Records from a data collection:
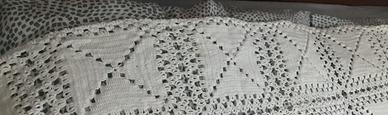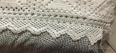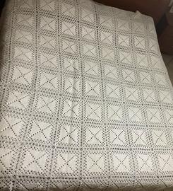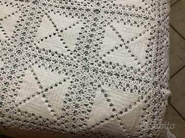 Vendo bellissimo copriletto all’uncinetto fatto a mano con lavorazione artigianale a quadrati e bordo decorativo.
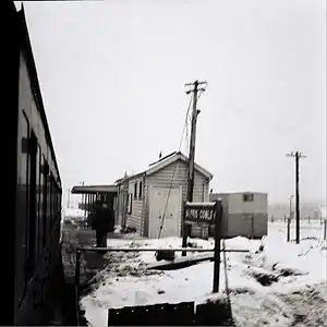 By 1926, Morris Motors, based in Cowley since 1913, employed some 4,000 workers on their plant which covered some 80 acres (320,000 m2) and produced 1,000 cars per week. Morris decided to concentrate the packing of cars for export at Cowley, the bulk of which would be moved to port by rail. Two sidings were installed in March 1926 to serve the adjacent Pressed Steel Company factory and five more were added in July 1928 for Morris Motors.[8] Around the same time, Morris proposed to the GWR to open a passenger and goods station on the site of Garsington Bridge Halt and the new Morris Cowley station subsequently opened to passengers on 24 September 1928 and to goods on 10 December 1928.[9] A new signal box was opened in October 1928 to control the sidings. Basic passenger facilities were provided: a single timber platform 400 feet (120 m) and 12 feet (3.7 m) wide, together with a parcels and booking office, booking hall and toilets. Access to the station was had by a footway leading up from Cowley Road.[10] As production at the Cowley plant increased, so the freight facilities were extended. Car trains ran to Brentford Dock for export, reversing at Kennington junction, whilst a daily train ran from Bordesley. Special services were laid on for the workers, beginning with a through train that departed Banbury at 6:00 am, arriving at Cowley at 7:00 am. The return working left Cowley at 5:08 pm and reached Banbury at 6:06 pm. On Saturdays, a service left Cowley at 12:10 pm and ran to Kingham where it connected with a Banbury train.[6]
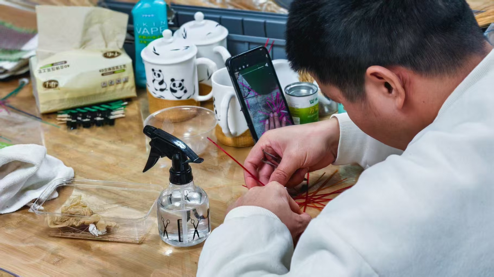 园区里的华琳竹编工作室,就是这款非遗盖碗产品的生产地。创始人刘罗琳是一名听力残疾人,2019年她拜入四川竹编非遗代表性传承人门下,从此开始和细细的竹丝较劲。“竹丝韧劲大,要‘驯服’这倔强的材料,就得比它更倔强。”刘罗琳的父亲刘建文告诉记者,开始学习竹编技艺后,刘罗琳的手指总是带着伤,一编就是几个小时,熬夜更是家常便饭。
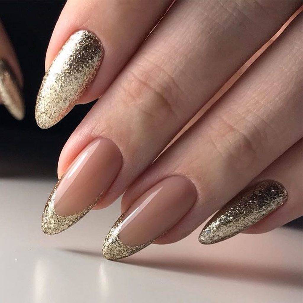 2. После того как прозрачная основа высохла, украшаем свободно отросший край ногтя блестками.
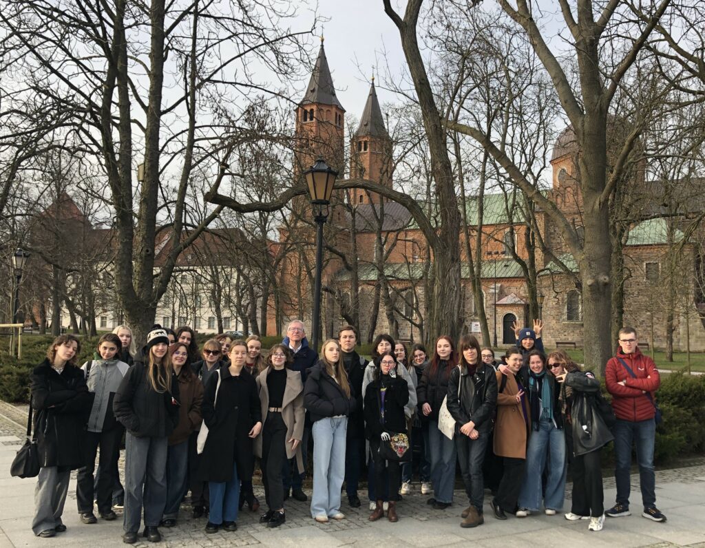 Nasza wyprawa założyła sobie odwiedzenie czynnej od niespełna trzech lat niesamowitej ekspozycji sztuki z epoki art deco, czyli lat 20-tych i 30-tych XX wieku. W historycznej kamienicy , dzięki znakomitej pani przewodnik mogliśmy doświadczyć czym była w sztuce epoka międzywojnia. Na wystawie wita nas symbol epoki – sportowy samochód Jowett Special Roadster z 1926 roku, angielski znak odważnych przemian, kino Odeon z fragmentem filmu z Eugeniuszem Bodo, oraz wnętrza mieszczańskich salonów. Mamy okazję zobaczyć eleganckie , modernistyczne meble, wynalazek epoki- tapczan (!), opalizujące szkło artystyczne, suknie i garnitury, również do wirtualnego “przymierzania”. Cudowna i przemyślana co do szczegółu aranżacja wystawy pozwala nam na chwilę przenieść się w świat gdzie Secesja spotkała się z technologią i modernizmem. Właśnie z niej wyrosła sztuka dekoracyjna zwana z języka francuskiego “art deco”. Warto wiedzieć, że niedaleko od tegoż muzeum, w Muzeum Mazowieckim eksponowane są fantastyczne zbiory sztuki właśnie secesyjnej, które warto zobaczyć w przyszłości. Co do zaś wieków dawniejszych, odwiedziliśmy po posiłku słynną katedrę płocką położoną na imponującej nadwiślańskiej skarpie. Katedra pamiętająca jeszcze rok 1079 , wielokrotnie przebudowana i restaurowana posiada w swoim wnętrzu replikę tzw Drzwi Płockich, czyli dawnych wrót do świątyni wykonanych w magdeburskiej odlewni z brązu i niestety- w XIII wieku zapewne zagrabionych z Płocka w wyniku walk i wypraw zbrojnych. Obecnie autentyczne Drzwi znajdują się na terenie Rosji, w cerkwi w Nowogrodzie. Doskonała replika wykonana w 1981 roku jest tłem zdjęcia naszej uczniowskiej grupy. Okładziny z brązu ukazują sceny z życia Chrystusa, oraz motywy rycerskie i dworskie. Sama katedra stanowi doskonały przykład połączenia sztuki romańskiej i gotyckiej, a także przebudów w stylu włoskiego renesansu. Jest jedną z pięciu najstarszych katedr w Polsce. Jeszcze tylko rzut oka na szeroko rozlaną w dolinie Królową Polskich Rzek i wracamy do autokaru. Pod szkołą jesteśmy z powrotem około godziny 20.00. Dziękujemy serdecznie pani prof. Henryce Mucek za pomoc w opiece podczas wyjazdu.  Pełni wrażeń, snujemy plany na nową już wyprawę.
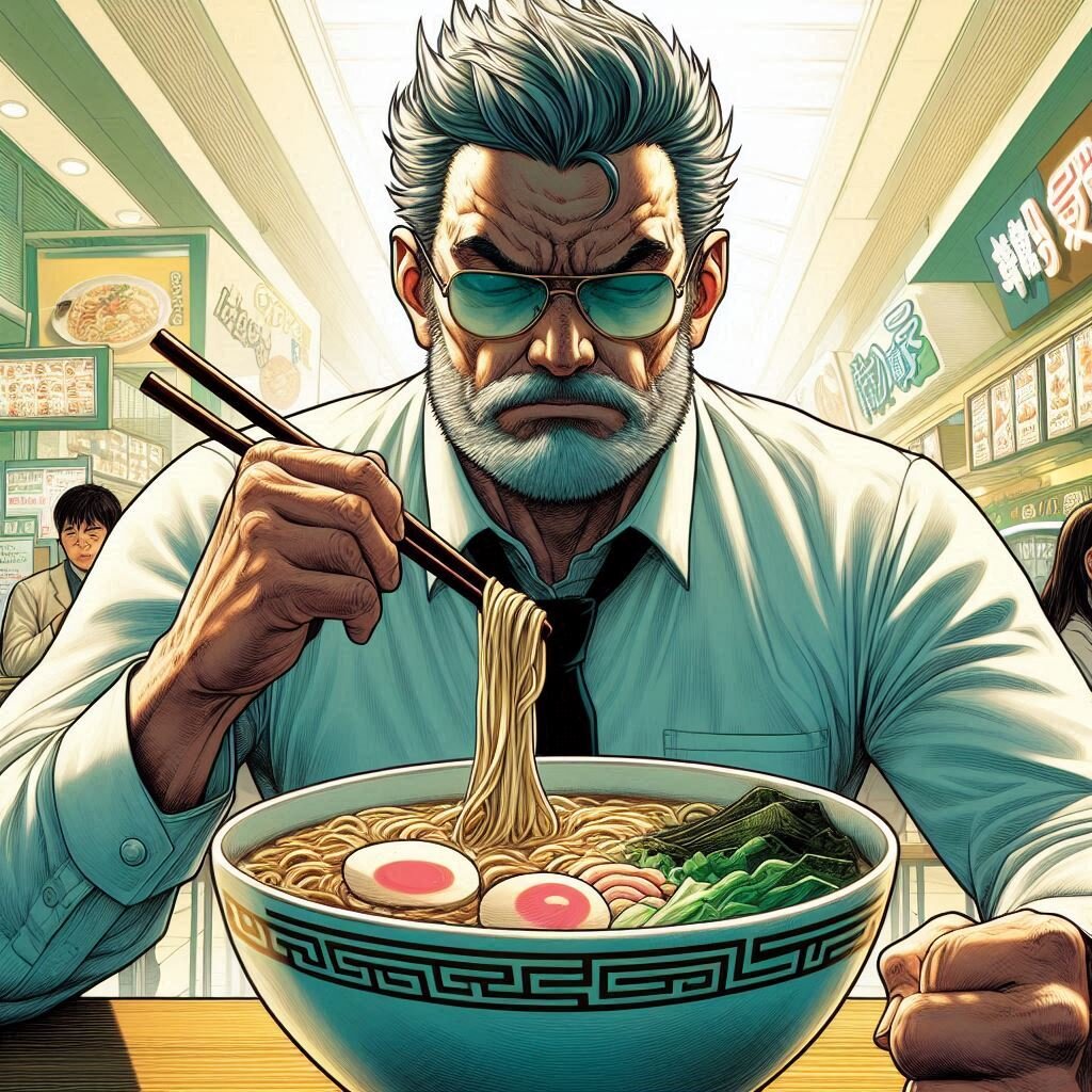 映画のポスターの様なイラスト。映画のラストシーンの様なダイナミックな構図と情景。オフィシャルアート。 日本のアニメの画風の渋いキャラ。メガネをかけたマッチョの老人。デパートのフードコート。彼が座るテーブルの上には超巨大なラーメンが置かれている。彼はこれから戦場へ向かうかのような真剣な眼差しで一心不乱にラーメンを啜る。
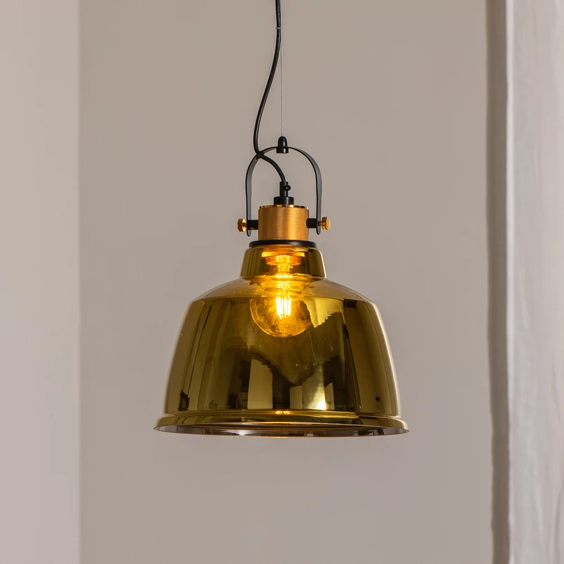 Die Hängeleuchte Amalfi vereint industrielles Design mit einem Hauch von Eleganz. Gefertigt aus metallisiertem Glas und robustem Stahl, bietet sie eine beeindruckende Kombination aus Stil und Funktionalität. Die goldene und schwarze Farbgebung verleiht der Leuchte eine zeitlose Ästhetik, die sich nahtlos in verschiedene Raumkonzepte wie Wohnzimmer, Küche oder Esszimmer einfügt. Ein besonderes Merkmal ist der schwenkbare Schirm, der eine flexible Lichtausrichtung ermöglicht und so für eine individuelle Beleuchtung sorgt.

» Exercise
All pictures are to be skipped. Output, word for word, the lines in the data above starting at the line containing "By 1926, Morris" and ending at the line containing "园区里的华琳竹编工作室,就是".

» Reply to the exercise
 By 1926, Morris Motors, based in Cowley since 1913, employed some 4,000 workers on their plant which covered some 80 acres (320,000 m2) and produced 1,000 cars per week. Morris decided to concentrate the packing of cars for export at Cowley, the bulk of which would be moved to port by rail. Two sidings were installed in March 1926 to serve the adjacent Pressed Steel Company factory and five more were added in July 1928 for Morris Motors.[8] Around the same time, Morris proposed to the GWR to open a passenger and goods station on the site of Garsington Bridge Halt and the new Morris Cowley station subsequently opened to passengers on 24 September 1928 and to goods on 10 December 1928.[9] A new signal box was opened in October 1928 to control the sidings. Basic passenger facilities were provided: a single timber platform 400 feet (120 m) and 12 feet (3.7 m) wide, together with a parcels and booking office, booking hall and toilets. Access to the station was had by a footway leading up from Cowley Road.[10] As production at the Cowley plant increased, so the freight facilities were extended. Car trains ran to Brentford Dock for export, reversing at Kennington junction, whilst a daily train ran from Bordesley. Special services were laid on for the workers, beginning with a through train that departed Banbury at 6:00 am, arriving at Cowley at 7:00 am. The return working left Cowley at 5:08 pm and reached Banbury at 6:06 pm. On Saturdays, a service left Cowley at 12:10 pm and ran to Kingham where it connected with a Banbury train.[6]
 园区里的华琳竹编工作室,就是这款非遗盖碗产品的生产地。创始人刘罗琳是一名听力残疾人,2019年她拜入四川竹编非遗代表性传承人门下,从此开始和细细的竹丝较劲。“竹丝韧劲大,要‘驯服’这倔强的材料,就得比它更倔强。”刘罗琳的父亲刘建文告诉记者,开始学习竹编技艺后,刘罗琳的手指总是带着伤,一编就是几个小时,熬夜更是家常便饭。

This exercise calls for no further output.